If the number of building permits granted for single-family homes thus far in 2012 is any indication, an upward trend may be forming in Archuleta County.

According to information presented by John Ruyle during the second quarter report for the Archuleta County Building Department, 105 permits for single-family residences were taken out in the first half of 2012.

That number shows what could be a modest upward trend based on the number of permits taken out in the years since 2006.

In 2006, before the economic downturn, 490 permits were taken out. The next year, that number dropped to 369. It further dropped in 2008, down to 244. In 2009, the number again dropped to 212, and 2010 saw only 186 permits granted for single-family residences. In 2011, that number increased to 205.

Despite seemingly being on pace to be relatively equal to 2011’s permit total, the 2012 figure is above that for the same time period in 2011.

Ruyle said during the report that September is usually the department’s biggest month in terms of new residential permits, and 2012 has already outperformed 2011 in numbers of permits for each month.

Ruyle said it seems as though the homes being built are for families moving to the community, noting that it would be difficult to keep track of all the different area codes of the department’s clients.

But, Ruyle said, the number of permits granted by the county does not necessarily equate to additional revenue.

Ruyle said houses permitted this year are smaller family homes (compared to large second homes that were popular before the economic downturn), and, with permit prices based on the general valuations of homes used in the building industry, permit revenues are not growing as quickly as the number of permits.

Other permits, including commercial and permits for garages, decks and such, are also, overall, on pace with last year, though Ruyle said the department has seen a decline in the number of permits specifically for decks and garages.

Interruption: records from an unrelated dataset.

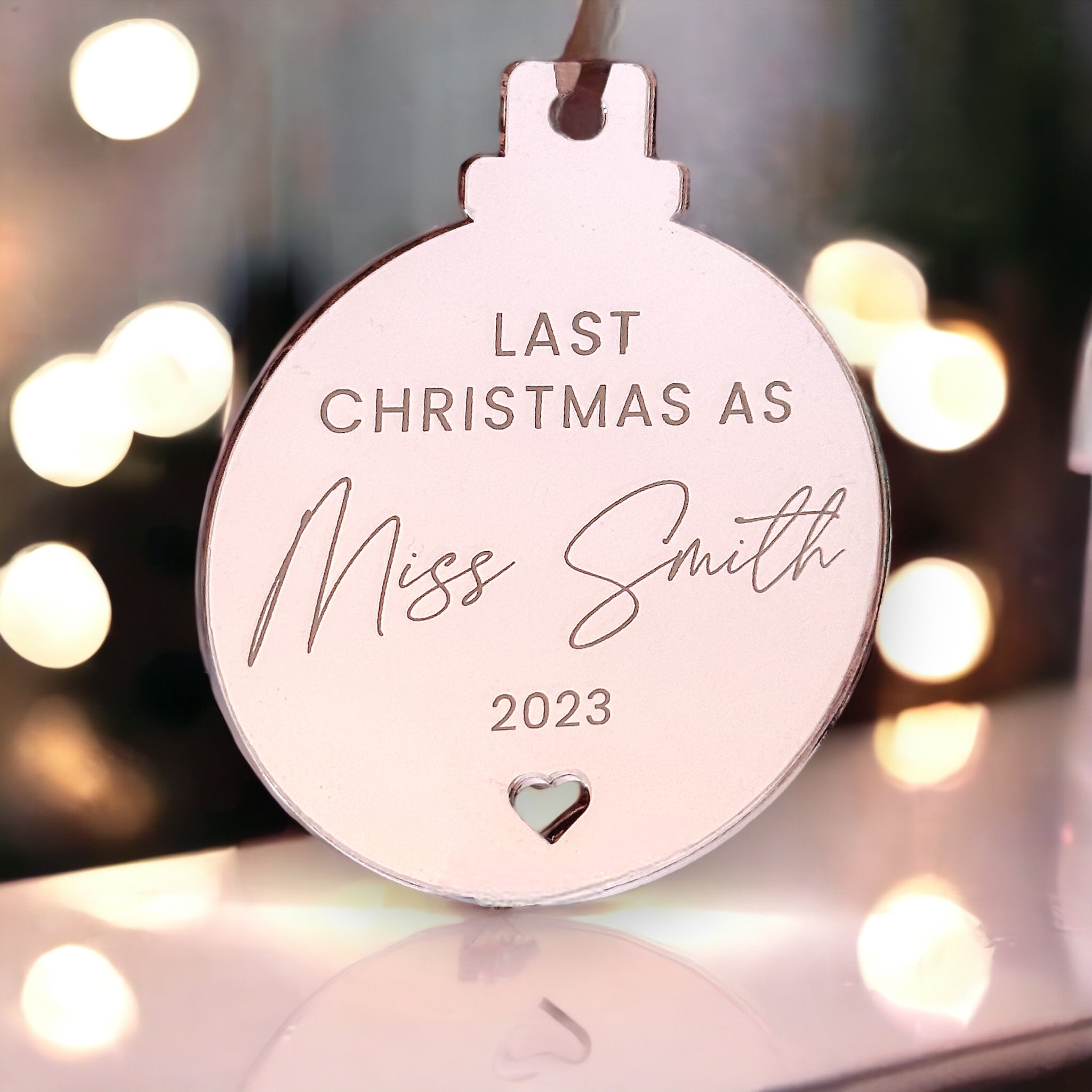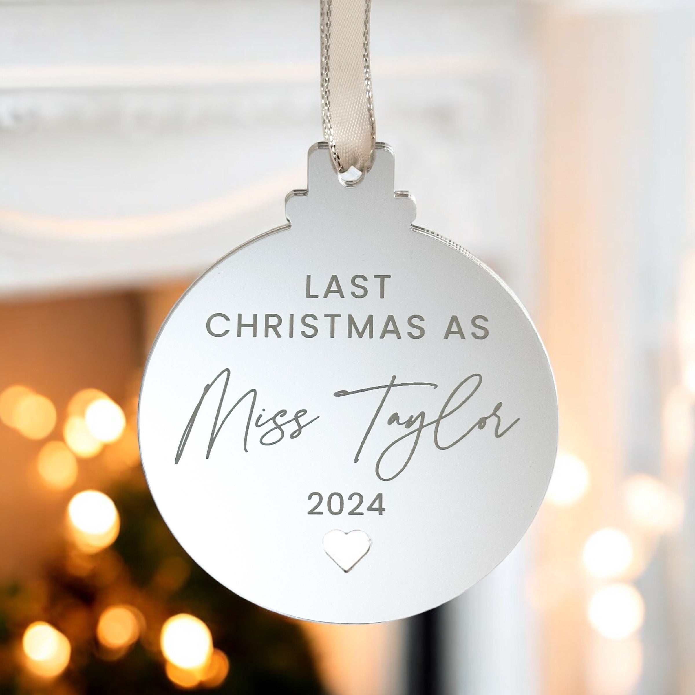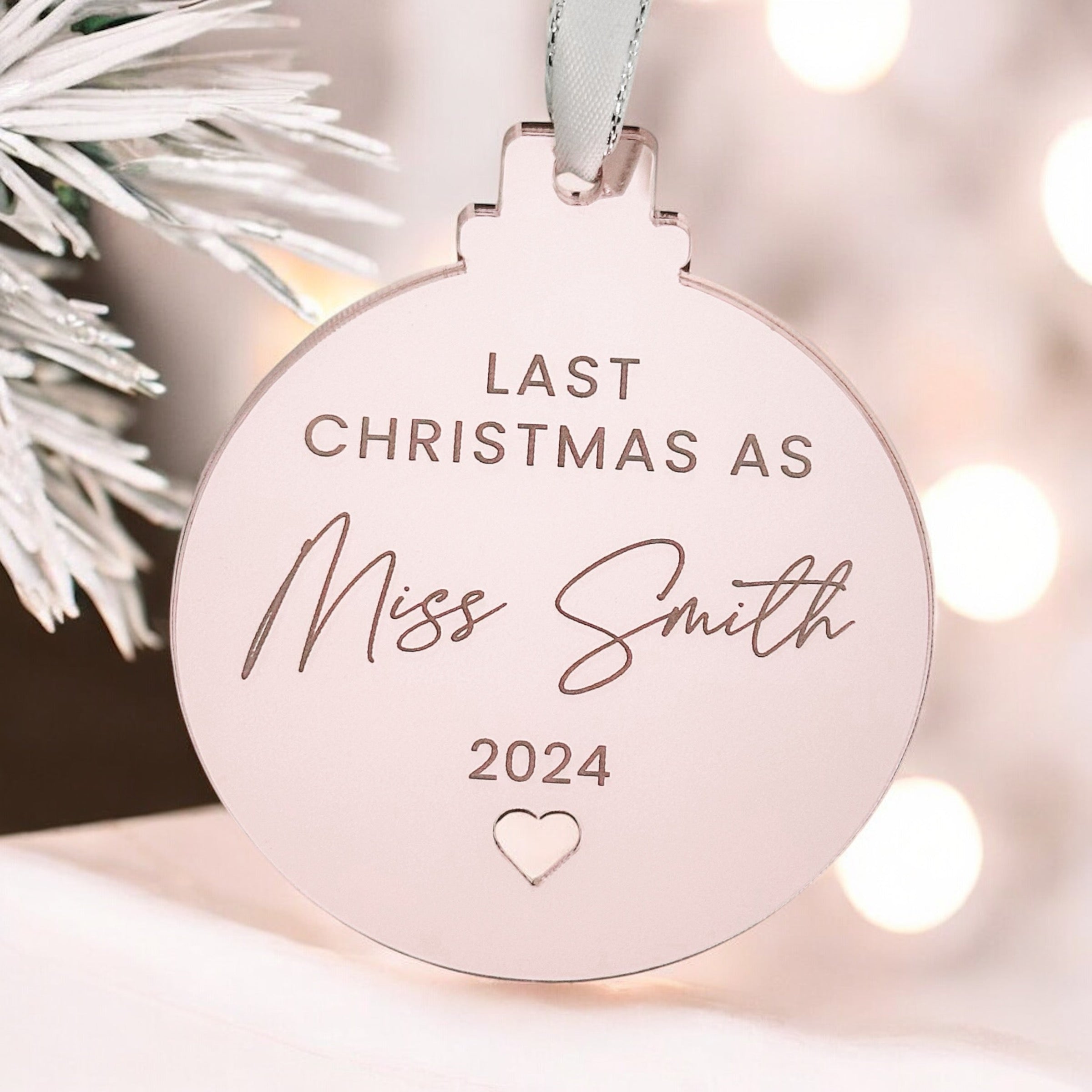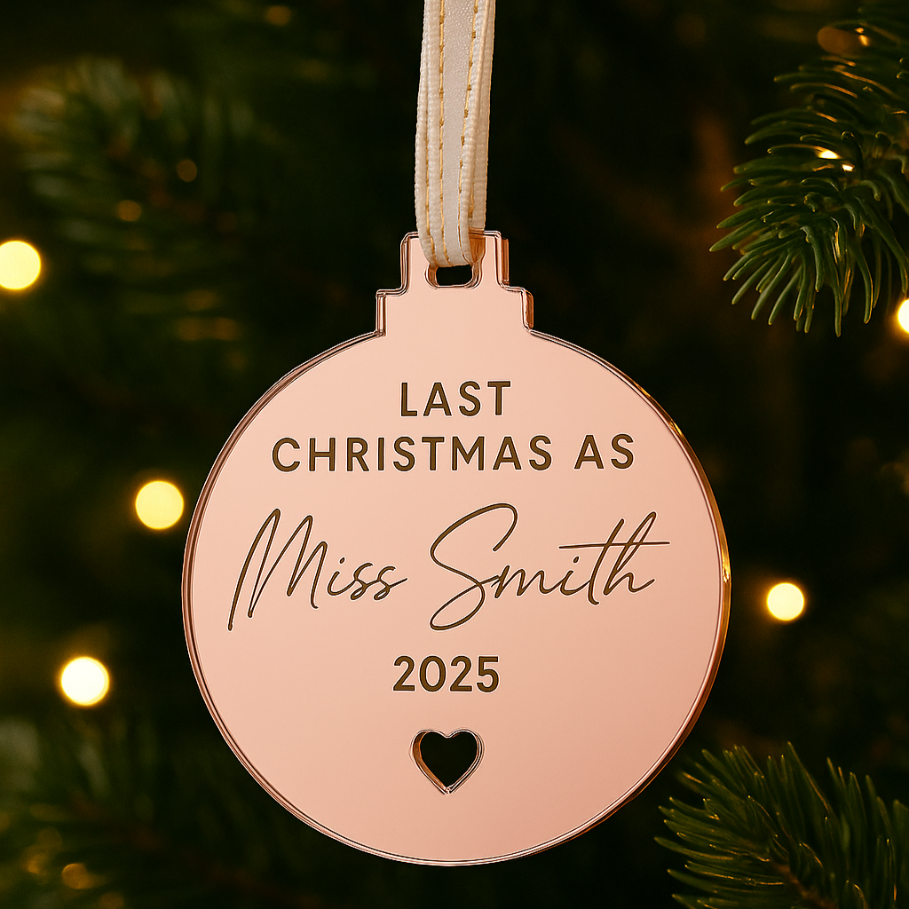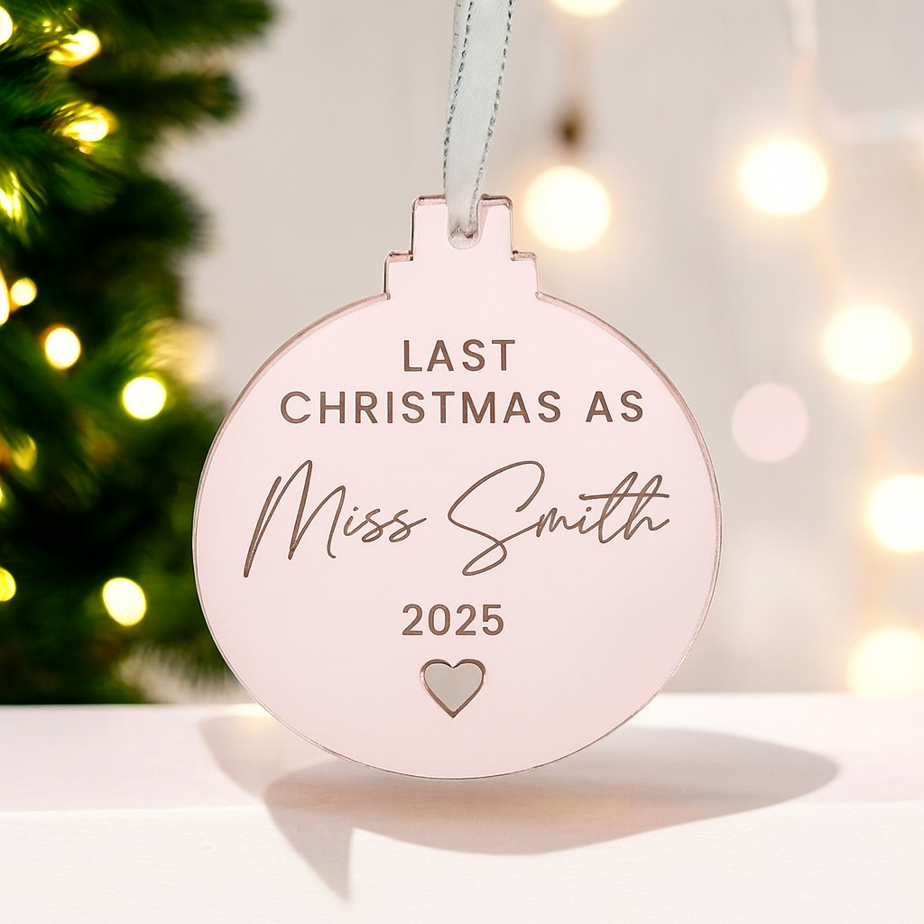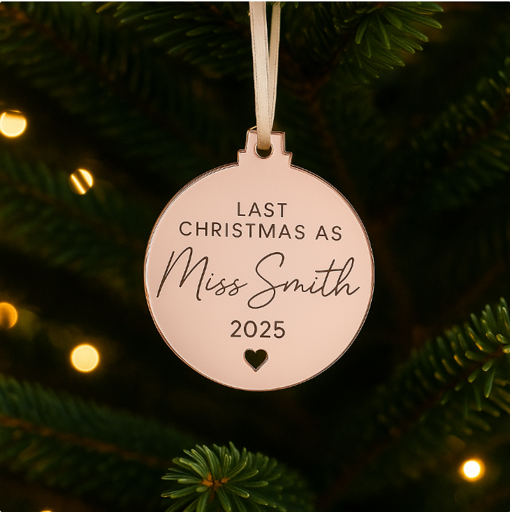 Experience your last Christmas as a Miss with our personalised engraved mirror bauble, available in 6cm, 8cm, or 10cm sizes and a variety of finishes. Crafted from 3mm acrylic and adorned with a basic grey ribbon, this exclusive ornament will add a touch of elegance and sophistication to your festive décor.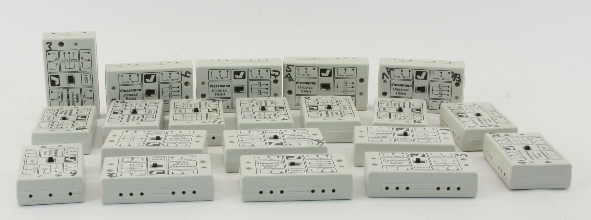 Bistabiles Relais mit 4 gleichzeitig schaltenden Umschaltern. Das Relais wandelt Stromimpulse, wie sie von digitalen Magnetartikel-Decodern, Tasten-Stellpulten, Schaltgleisen und Gleiskontakten geliefert werden, in Dauerstrom um. Zur elektrischen Steuerung von Beleuchtungen, Signalen usw. sowie für Blocksteuerungen. Durch Endlagenabschaltung mit Impuls- oder Dauerstrom schaltbar. Eine echte Rückmeldung ist in Verbindung mit dem Universal-Tasten-Stellpult Art. 5549 möglich. Mit Handbetätigungshebel. Stromaufnahme: 300 mA. Kontaktbelastbarkeit: 2 A.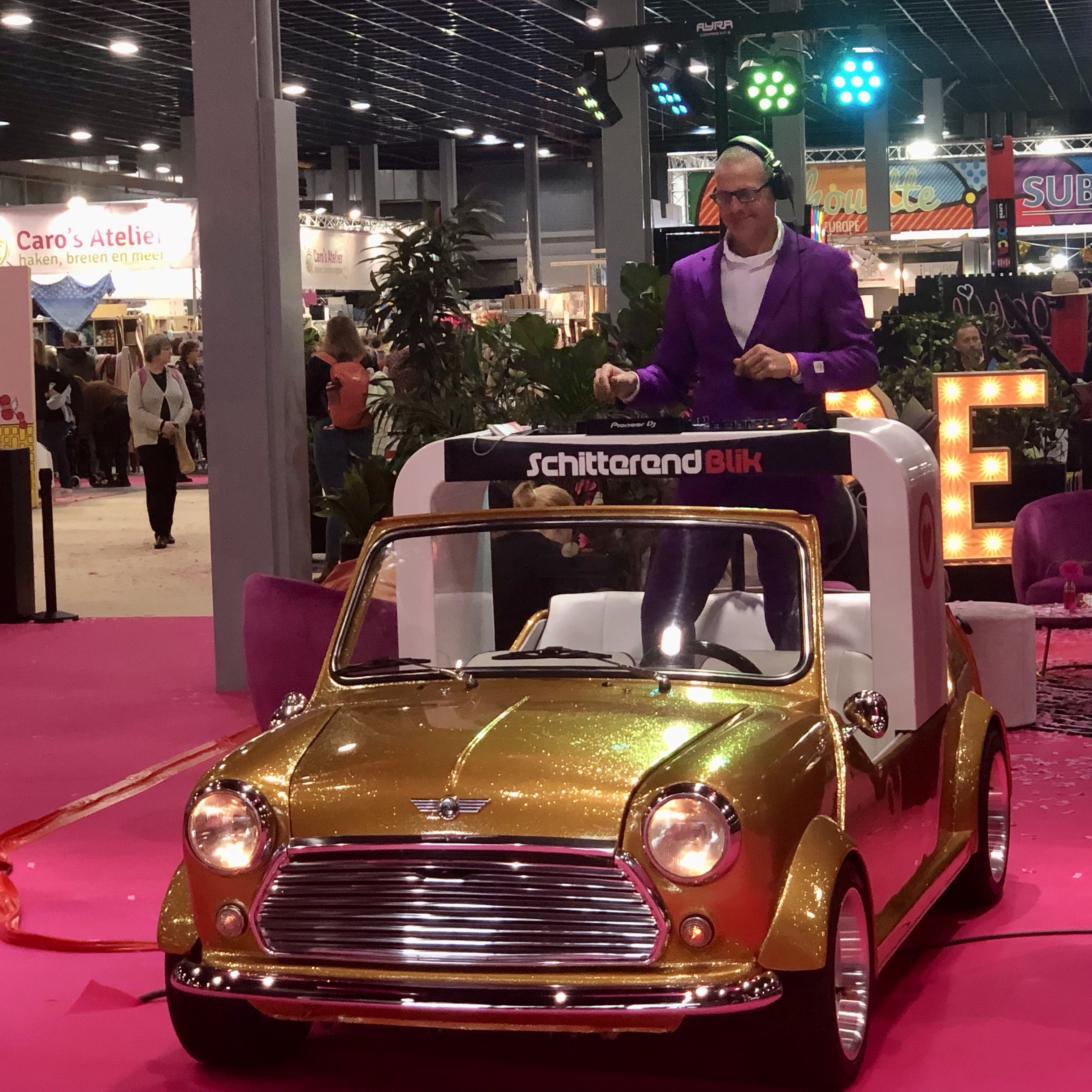 Bij de ingang werden we weer begroet door deze vrolijke dansende man met zijn gouden glittermini. Ik heb hem wel vaker gezien op KreaDoe, en volgens mij ook wel eens op een andere beurs. Altijd leuk, en als hij die auto ooit zat is neem ik hem graag over, haha.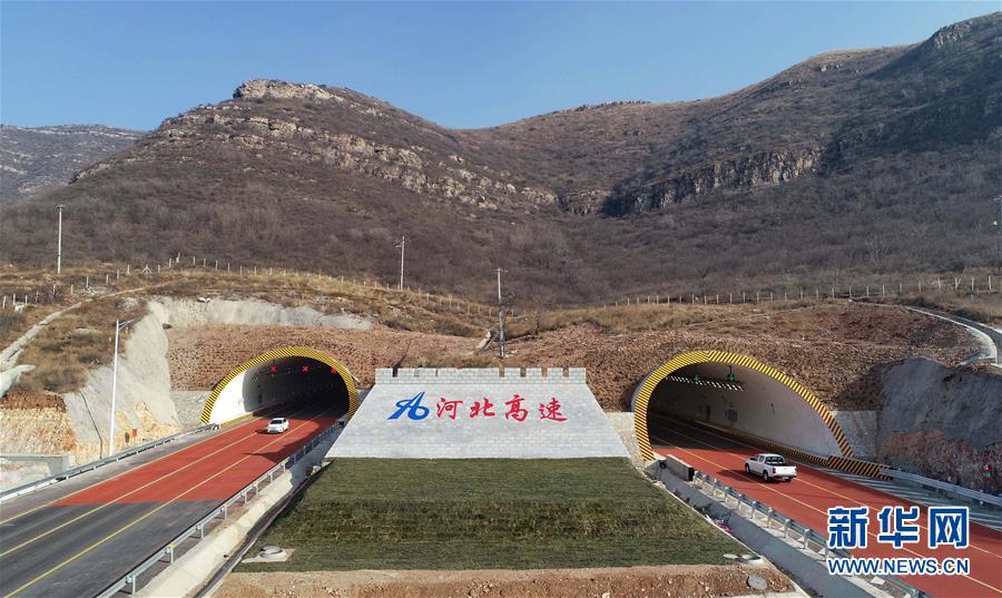 12月16日,兩輛汽車行駛在京秦高速公路二期工程河北玉田境內(nèi)的鳳凰頂隧道路段(無人機(jī)拍攝)。 新華社記者楊世堯攝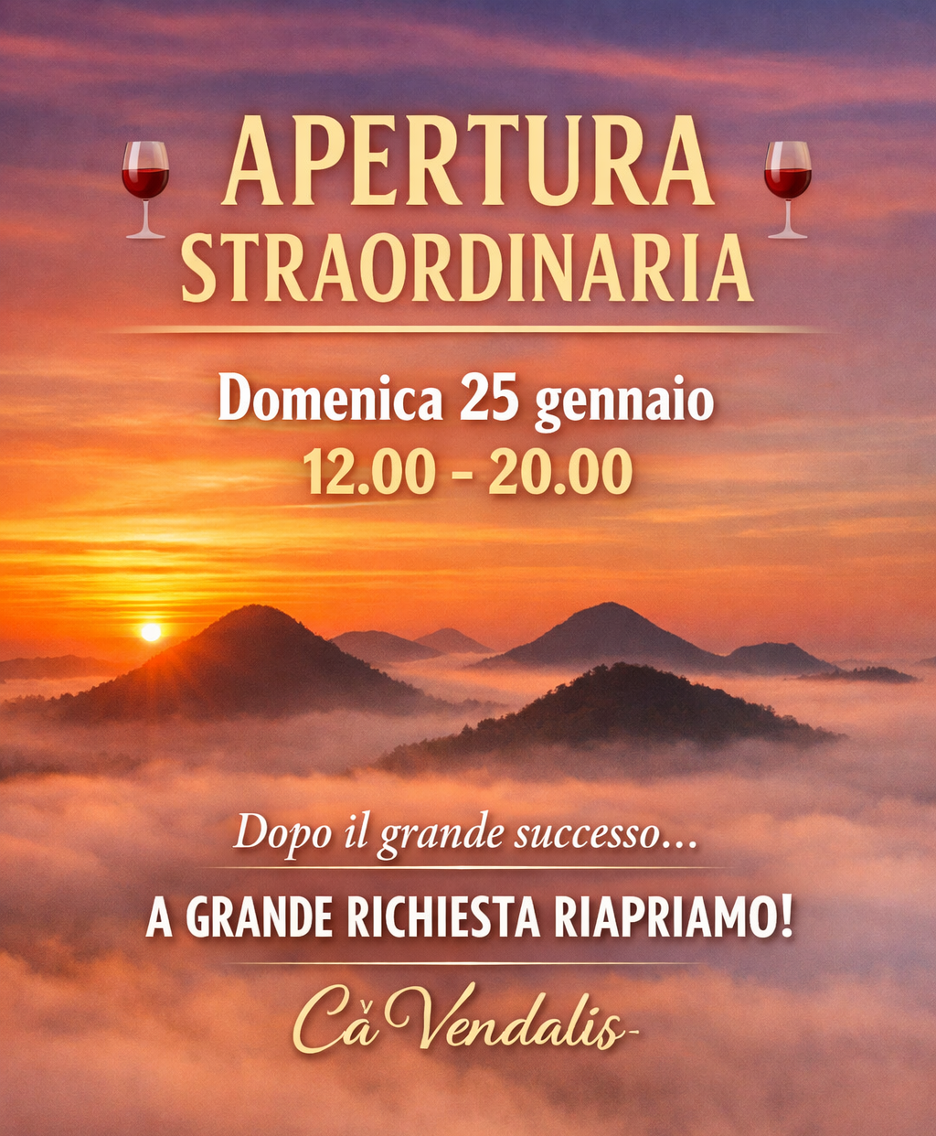 Dopo il grande successo dell’ultima apertura, torniamo con una nuova giornata straordinaria tra i Colli Euganei 🍷.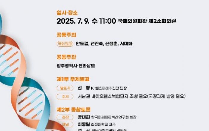 광주시와 전남도가 이재명 정부의 첨단산업 육성 및 산업 균형발전을 위한 필수과제인 ‘서남권 첨단 바이오헬스복합단지’ 조성을 위해 손을 맞잡는다.광주광역시(시장 강기정)는 9일 오전 11시 서울 여의도 국회의원회관 제2소회의실에서 ‘서남권 첨단 바이오헬스복합단지 조성전략
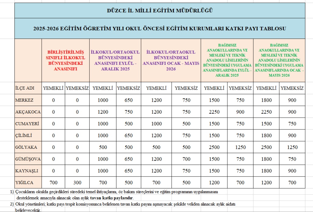 Düzce İl Milli Eğitim Müdürlüğünün Belirlediği Okul Öncesi Katkı Payı Çizelgesi doğrultusunda Okulumuz 2025/2026 Eğitim Öğretim Yılı Ücreti Aylık 1000 TL'dir.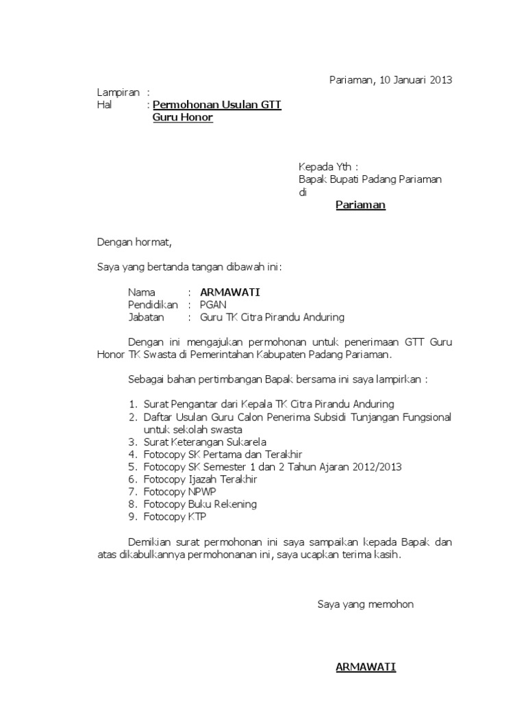 Contoh surat lamaran guru honor. Pada dasarnya, setiap surat menjadi guru honorer memang hanya memberikan gaji yang tidak sebesar menjadi guru tetap. Saat membuat surat pastikan kondisi tubuh dalam kondisi cukup fit, agar tetap bisa fokus. Kalau belum menemukan yang cocok dan pas tetap disini ya gan. Surat lamaran kerja adalah surat yang menunjukan minat seorang pelamar kerja. Ruas yang wajib ditandai *. Sebab pasti, sebagai seorang manusia, kita sangat membutuhkan mata pencaharian untuk bertahan hidup. Contohnya surat lamaran kerja menjadi karyawan dengan sumber dari iklan. Pengalaman kerja yang saya dapatkan sebelumnya adalah. Namun posisi ini bisa menjadi batu lompatan terutama. Contoh surat lamaran kerja guru. Dijamin lolos seleksi hrd, begini contoh surat lamaran kerja yang benar. Jika anda masih belum beruntung diterima menjadi guru pns, tidak ada salahnya bagi anda untuk menjadi guru honor terlebih dahulu.

A second quarter report on planning department activity further illustrated the land use picture of Archuleta County.

In that report, County Planner Cindy Schultz noted that the majority of permits dealt with by the planning department thus far in 2012 have been for lot consolidations, with nine in the first quarter and 15 in the second quarter.

Schultz said the lot consolidations tend to be pursued by landowners looking to eliminate additional expenses, such as property taxes, water district fees and others.

Total applications to the planning department sat at 39 through the first half of the year, according to information included in the report.

Through the first half of the year, the department is at 26 percent of its budgeted revenue, with a projected revenue for the year of $34,000.

Schultz indicated 2012 was budgeted based on historic trends and also based on meetings with BP that anticipated six minor gas wells and one major gas facility, for a fee total of $12,500.

Since those meetings, Schultz noted she has learned BP is not planning to follow through with the plans due to declining gas prices, and said that, without those fees included, the department has brought in 41 percent of its budgeted revenues.

Also in the report, Schultz discussed the division of staff time, with 27 percent of time spent on project-related customer service for projects with active applications; 17 percent on non-project-related customer service, which includes pre-application meetings, research, website work and more; general staffing duties take up 18 percent of the department time, including updating the land use code, preparing for planning commission meetings, and attending meetings; and administrative functions take 32 percent of staff time.